The World’s a Stage: An Introduction to ‘Grand Theft Hamlet’ and Other Documentaries Made in Video Games

A group of creatives want to stage Hamlet. They go through the usual process of casting calls, costuming, set making, and such before putting on the show. What distinguishes this particular production is that all this is happening within Grand Theft Auto Online (GTA). Auditions are held in virtual nightclubs and offices, featuring one performer who recites from the Quran while using a frogman avatar. Costuming means selecting each user’s outfit from an in-game shop menu to find the most appropriate look for the Shakespeare character they play. The sets are found in spaces in Los Santos, the game’s vast re-creation of Los Angeles, such as an amphitheater modeled after the Hollywood Bowl or the top of a blimp. All this is happening when, at any time, hostile players and nonplayer characters (NPCs) might swoop in and kill the troupe. 

Such are the travails captured in Pinny Grylls and Sam Crane’s Grand Theft Hamlet (2024), shot entirely inside GTA. The directors are also participants in the play, with Crane the director and star and Grylls a producer. They and the other actors speak over voice chat, and the film continually switches between the points of view of their various screen recordings. The film, which had UK, Ireland, and U.S. theatrical runs in January and releases on VOD on February 20, is the latest in a wave of documentaries that take such an aesthetic approach. Because video games have risen to cultural ubiquity alongside technological developments like live-streaming video and social media, these media are all tightly enmeshed.
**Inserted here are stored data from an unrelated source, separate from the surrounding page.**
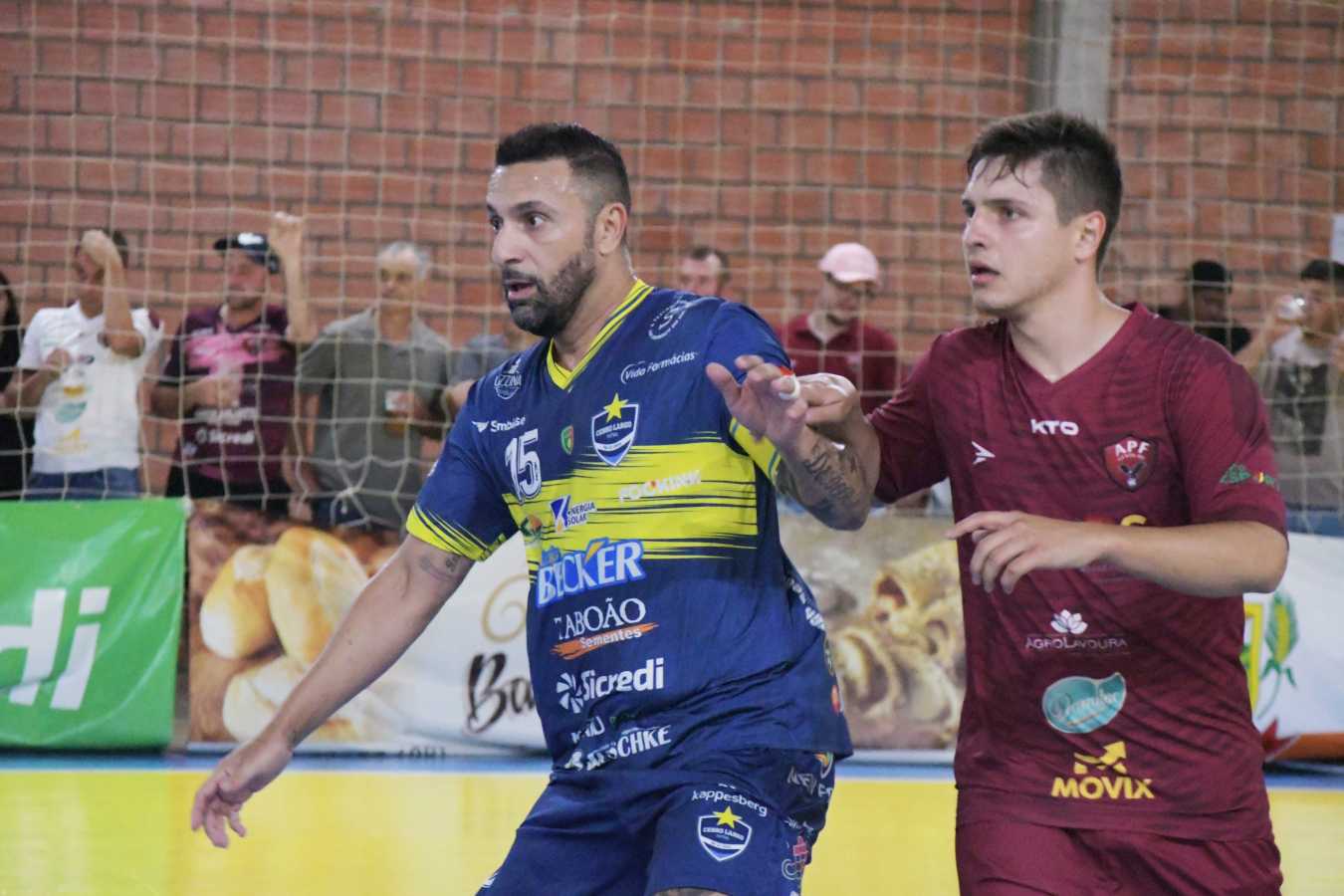 Nos minutos finais do primeiro tempo, Matheus, do Cerro Largo, criou mais uma chance de gol ao sair da marcação e chutar direto, para nova defesa de Alemão. Rafinha também chegou bem. Dominando no pivô, girando e batendo firme, mas novamente Alemão defendeu com o pé. Restando 40 segundos para o intervalo, Dionata, da APF, carregou até o meio e mandou uma bomba, com a bola explodindo no travessão de Black. Grande lance para fechar um primeiro tempo sem gols.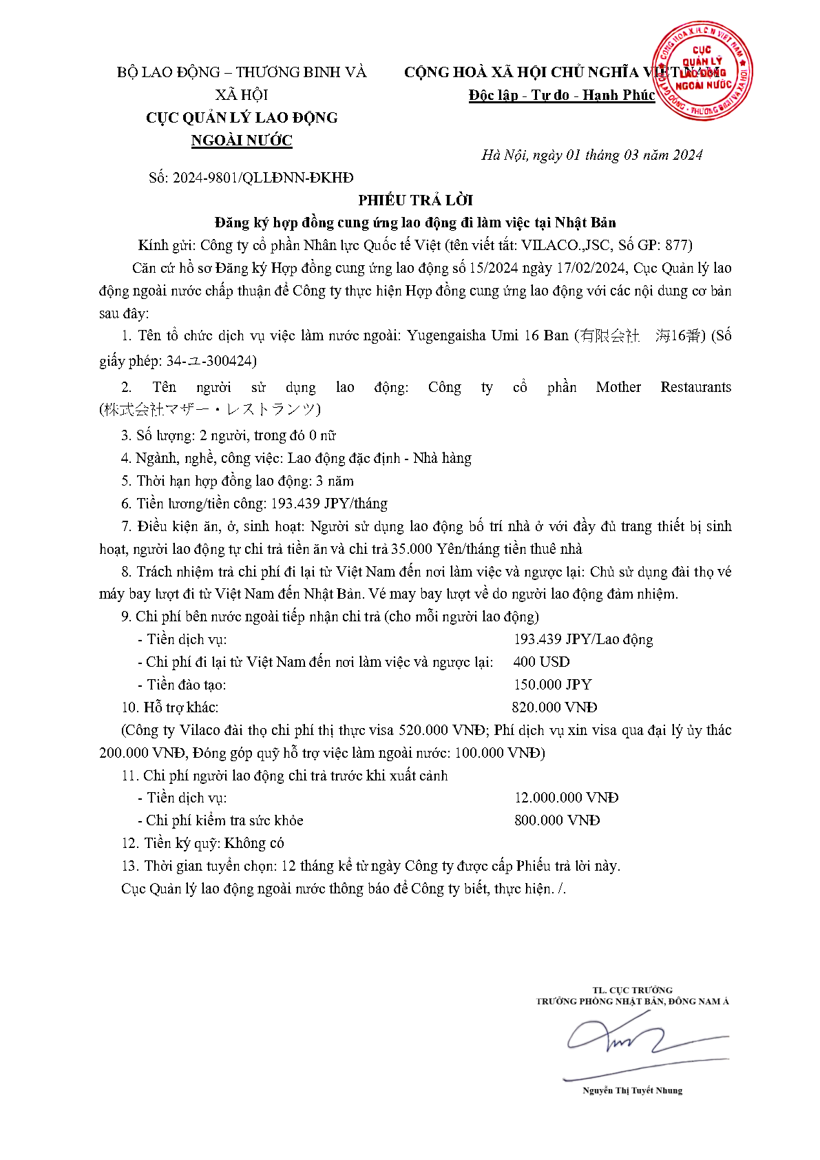 PTL 2024-9801 QLLĐNN-ĐKHĐ của Cục QLLĐ ngoài nước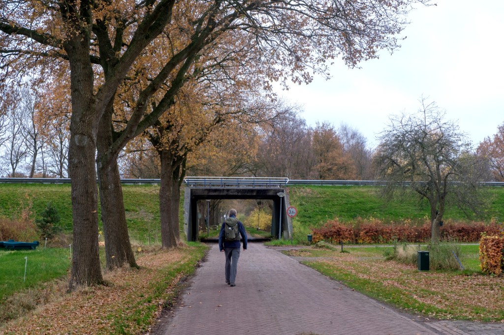We lopen vervolgens langs een minder inspirerende ‘overbruggingsweg’ omdat we onder de weg Emmen-Drachten door moeten om bij de Brunstingerplassen te komen.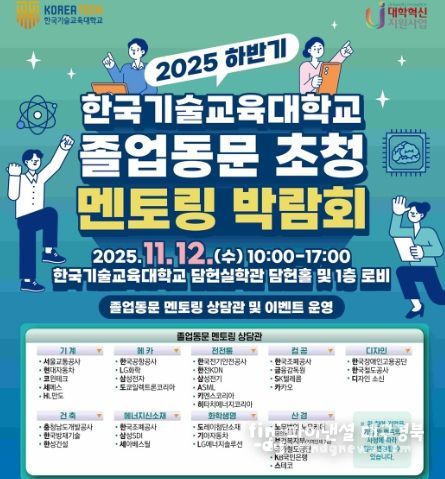 파이낸셜대구경북 기자 | 한국기술교육대학교(KOREATECH·총장 유길상)는 12일 교내 담헌실학관 일대에서 ‘2025 하반기 졸업동문 초청 멘토링 박람회’를 개최했다.
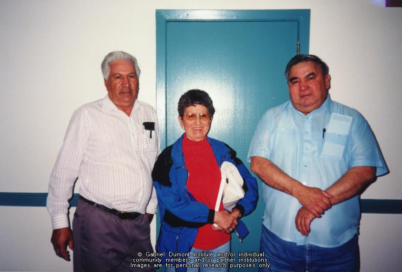 Photograph of Gilbert Pelletier, Stella Lavalley and Edwin St. Pierre, Métis Elders and keepers of the Michif language. |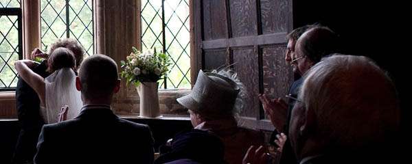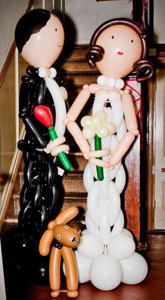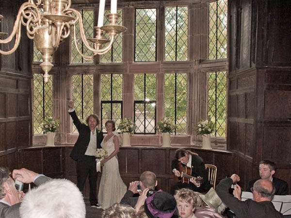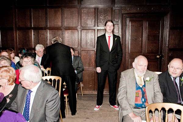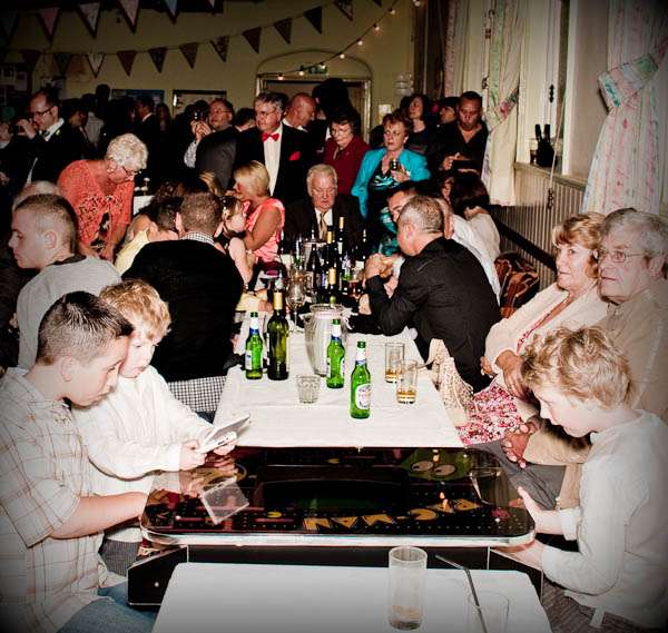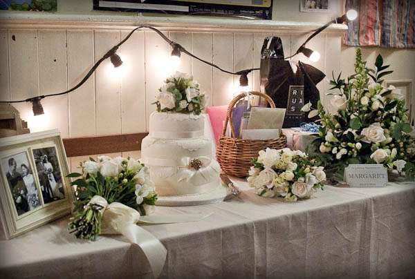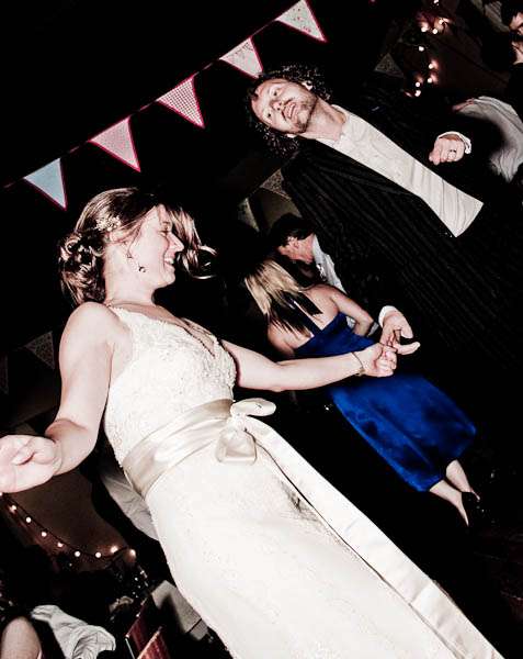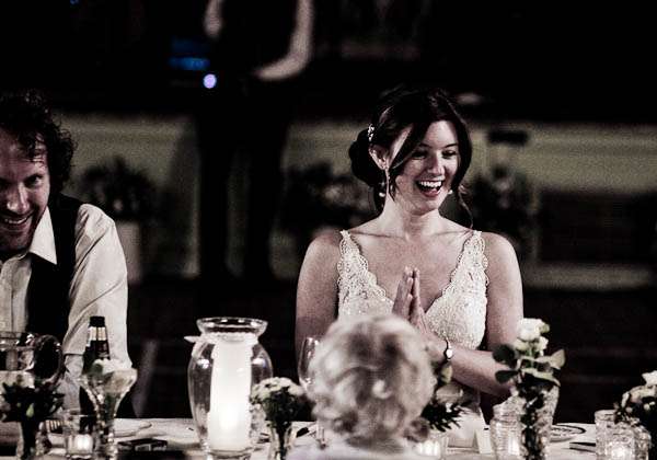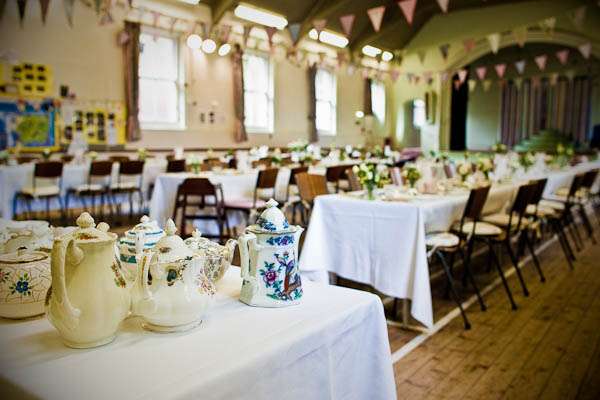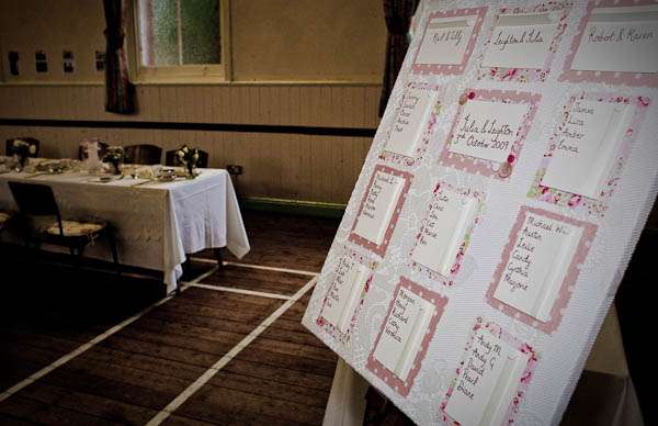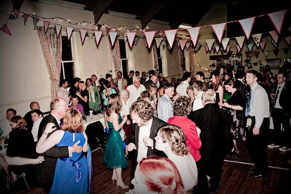 They held their reception at Parochial Hall, 5 minutes walk away. “It’s a really old church hall with a scrubbed wooden floor and a stage and a hatch into the kitchen.” Jules told me “It’s the sort of place that brings back memories of childhood for everyone who was ever in the Brownies or the Scouts. We loved it as soon as we saw it and it became our whole inspiration for what turned out to be our dream reception – an old fashioned family style get together. It was all very DIY – we had lots of help from friends and family who were fabulously keen to get involved and set about arranging tables and chairs and shinning up ladders. Our caterers Farmers Fayre really got into the spirit of things. Rather than have a formal style dinner we had joints of lamb brought to the tables and one person per table was then nominated carver – complete with chef’s hat and apron. Even Leighton was up out of his seat handing round the vegetables – it felt like Sunday lunch with the family. As the evening guests started to arrive we had a cocktail hour complete with big band classics playing and Farmers Fayre bar staff serving up Cosmopolitans and Mojito’s.”
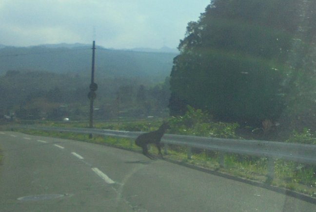 昨日の高学年遠足、宝達山へ向かう途中でのことです。子どもたちの目の前を大きな4つ足の動物が・・・道路の中央に出てきてこちらを見ています。しばらくすると道路脇の川の茂みに消えていきました。

Playing a game is often no longer a solitary exercise but a social one, and we can understand games not as experiences separate from the “real” world but as an extension of it. Within that new paradigm, it makes sense that we’re seeing more documentaries explore game spaces as if they are physical ones.

Professional filmmakers and computer engineers alike recognized games’ potential as playgrounds for formal experimentation years before this trend. Chris Marker was famously a fan of Second Life, created the island Ouvroir within that metaverse, hosted tours of it through his own cat avatar, and documented such a tour in his 2010 short, Ouvroir, the Movie. The infamous “Leeroy Jenkins” meme, about a meticulously planned World of Warcraft raid gone disastrously wrong, is an early use of a game as a stage for a fictional comedy sketch (though for years, many believed the incident was real, and the video’s creators were playfully evasive about the subject). 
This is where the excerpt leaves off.